When it ended, seventeen men remained standing. The rest lay groaning or unconscious on the stones.

And then the final days bled into each other, exhaustion dulling time into a haze.

The men who'd once stared at her thighs now stared only at the ground, their smirks long gone, replaced by grim silence and respect carved through suffering.

Ashen felt the same fatigue drag at him, but he kept trying to think of it differently.

'Pain means I'm still here.
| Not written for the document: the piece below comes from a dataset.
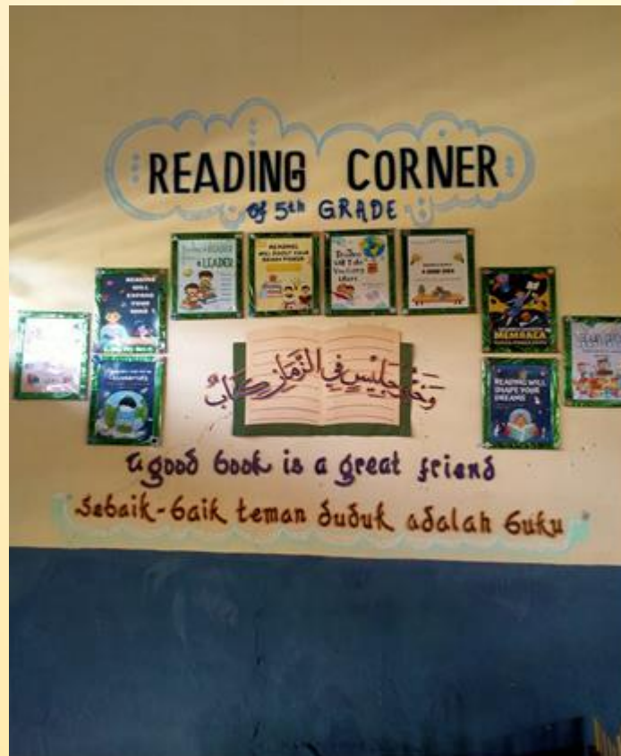
Gambar 4. Dekorasi Dinding

If I can keep moving, then I'm already winning against the grave…'

Sadly, no amount of motivational speech, even if it bordered on self-brainwashing, would negate the agony.

When the two weeks ended, a different kind of bell rang, and the gates opened with its sound.

Ashen stood with the others on the sides of the citadel streets, watching as the frontline regiment returned.

They trudged back into the citadel, armors dented, cloaks shredded, faces gray with exhaustion. 

Some limped, some leaned on comrades, and a few were carried on stretchers, their blood dark against the dawn light. 

Their eyes told the story… the thousand-yard stare of men who had lived too long on the edge of death.

The citadel watched in silence as the battered soldiers passed, the only sound the uneven clatter of boots on stone.

The reserves saw their own faces reflected in the broken regiment. And beneath the silence, one fact pounded in their skulls louder than any bell: This is the coming path. And I'm already walking it.